Oleh: A. Fuad Usfa
- Eksistensi Tuhan
Berbicara tentang Tuhan berarti berbicara suatu yang gaib, abstrak. Tidak bisa ditangkap dengan penca indra kita. Oleh sebab itu bisa dipahami manakala terdapat banyak konsep tentang Tuhan. Baik hal tersebut menyangkut perihal dzat-Nya maupun sifat-Nya, atau segala sisi-Nya.
Eksistensi Tuhan adalah mutlak. Ia tiada berawal dan tiada berakhir.
Narasi tersebut adalah narasi umum, bisa dimaknai apa saja. Baik Tuhan dalam pemaknaan personifikasi, maupun dalam makna hukum-hukum yang mutlak menguasai segenap apa yang nampak maupun yang gaib, hingga pemaknaan sekedar kebutuhan sandaran jiwa manusia.
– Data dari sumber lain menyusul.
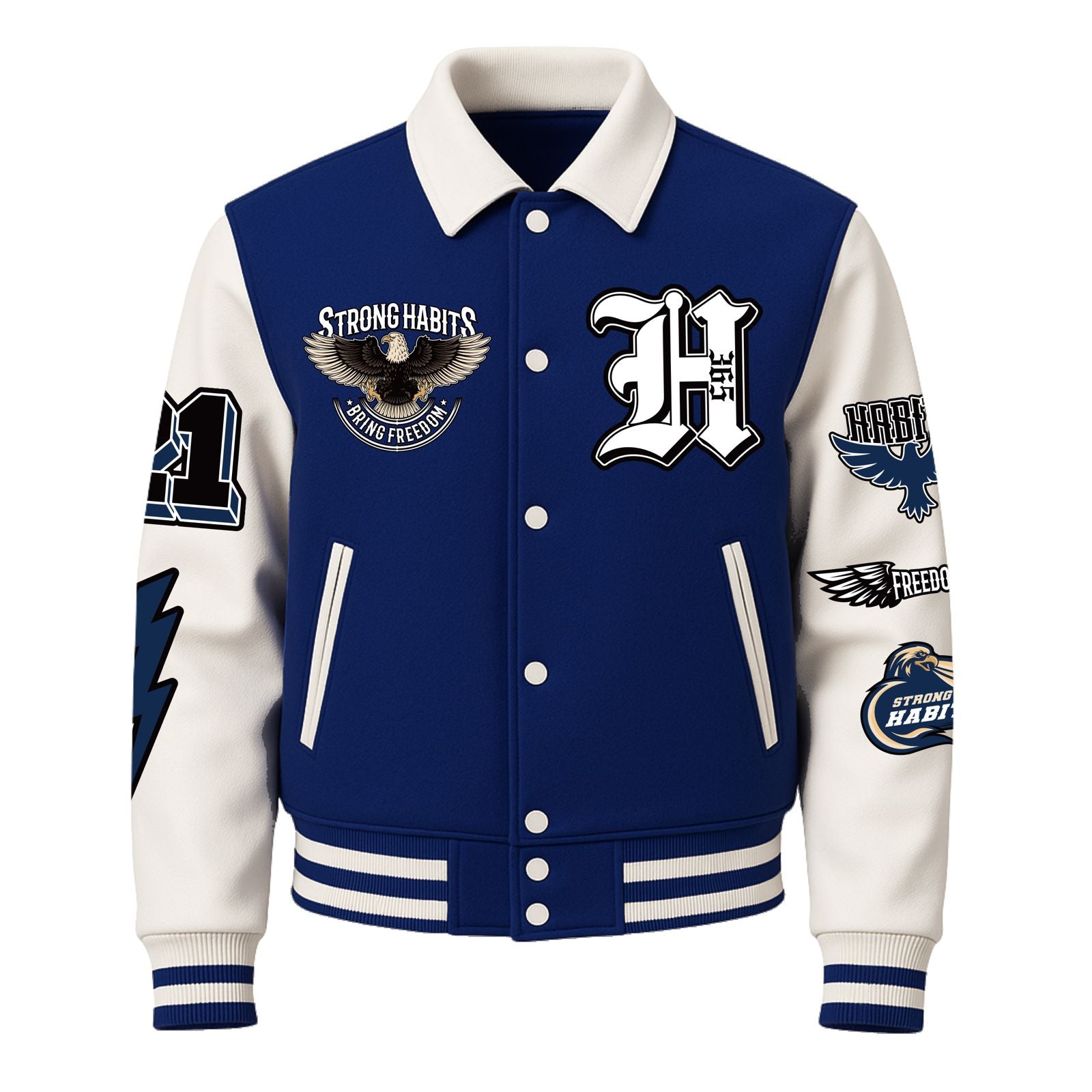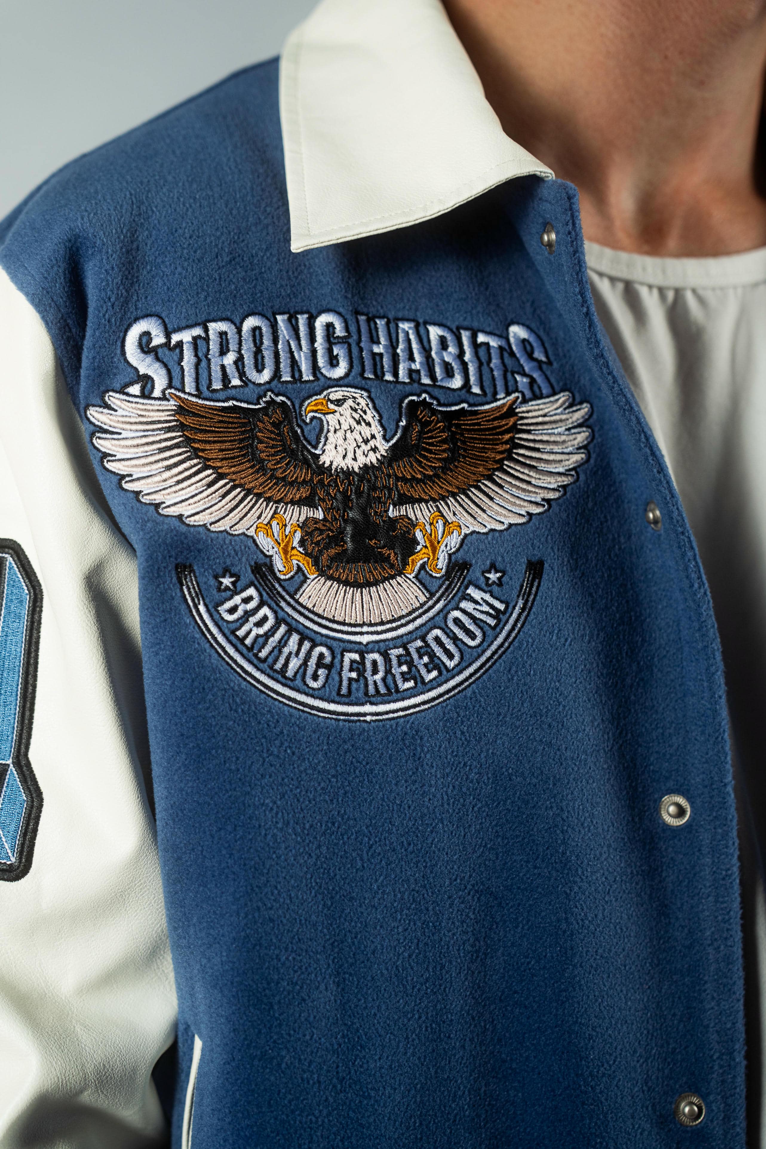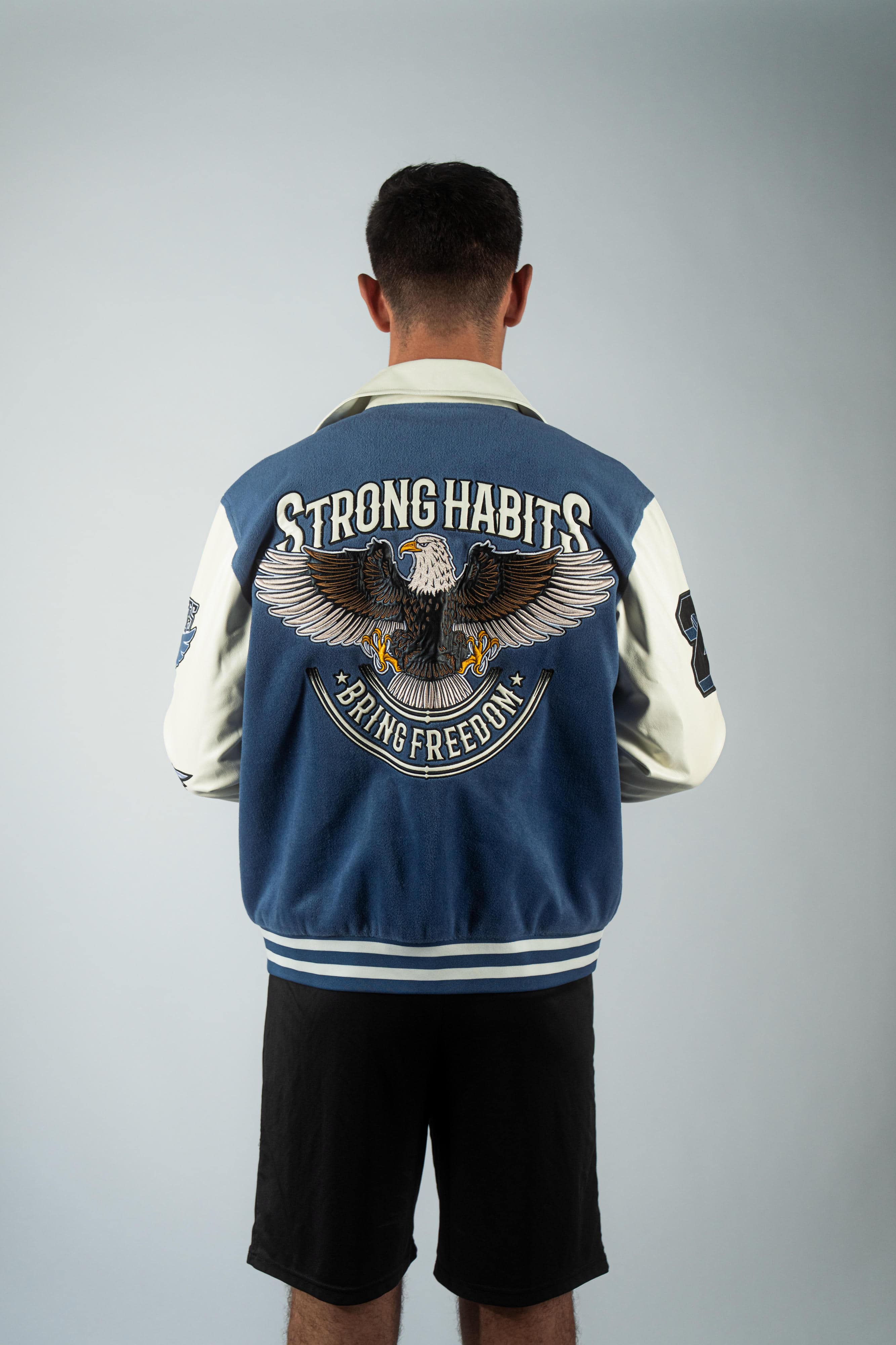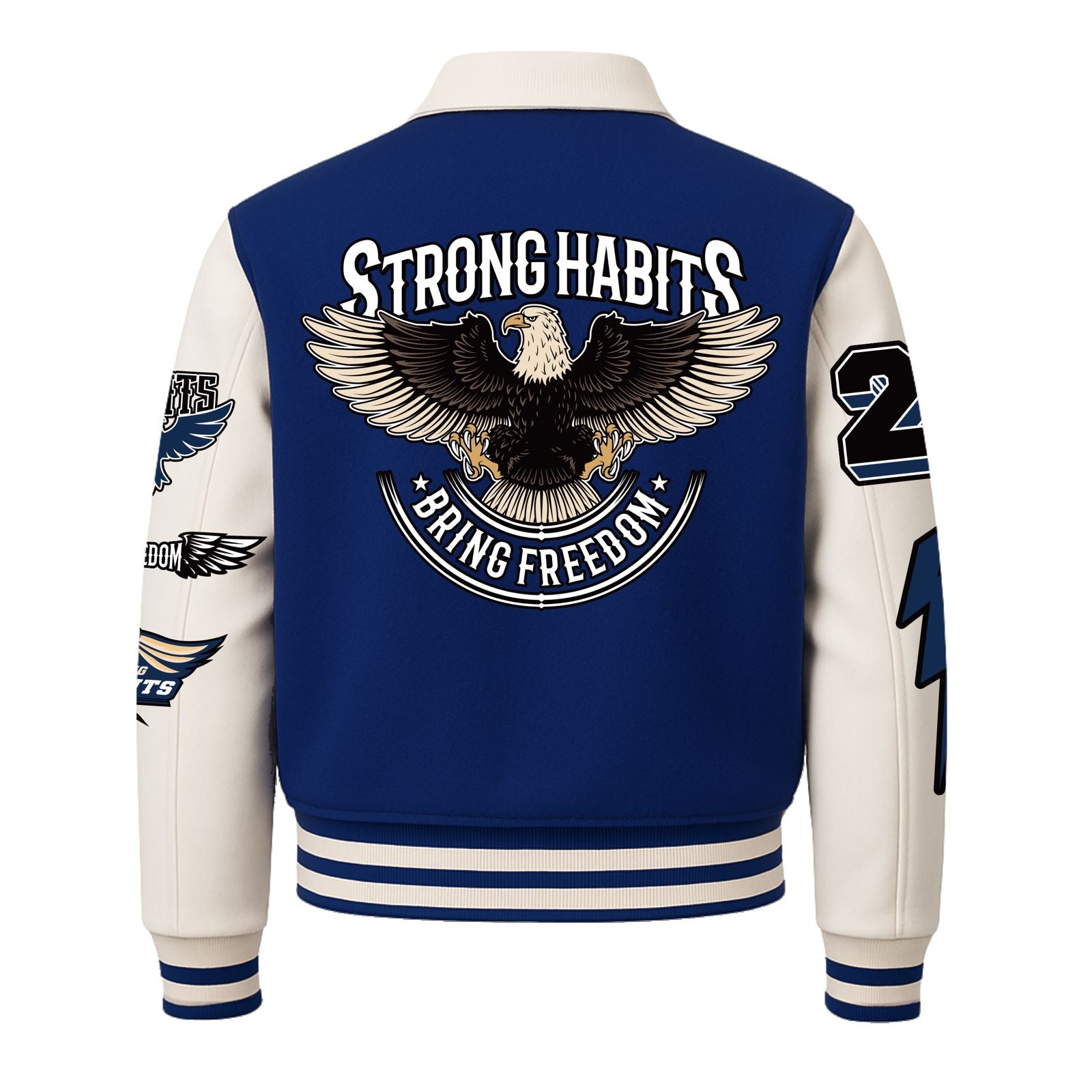 Design: Premium embroidered patchwork front and back featuring our “Strong Habits. Bring Freedom.” eagle graphic—symbolizing bold discipline and high-flight ambition.
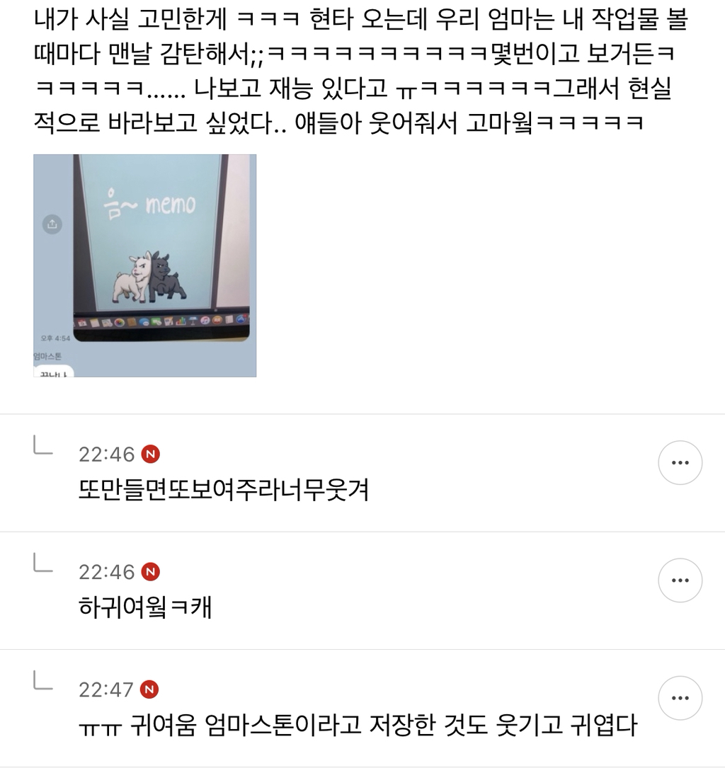 작성시간 25.07.03 ㅋㅋㅋㅋㅋ아 근데 난 처음꺼도 재능 있다고 생각하는데 ㅋㅋㅋㅋ

Ada orang yang baik, berbudi pekerti mulia, halus perangai dan tutur budi bahasanya, menghargai sesama manusia apa lagi terhadap orang tuanya, menjaga alam lingkungannya dengan penuh amanah. Keadaan yang demikian itu oleh sebab mereka sandarkan pada Tuhan.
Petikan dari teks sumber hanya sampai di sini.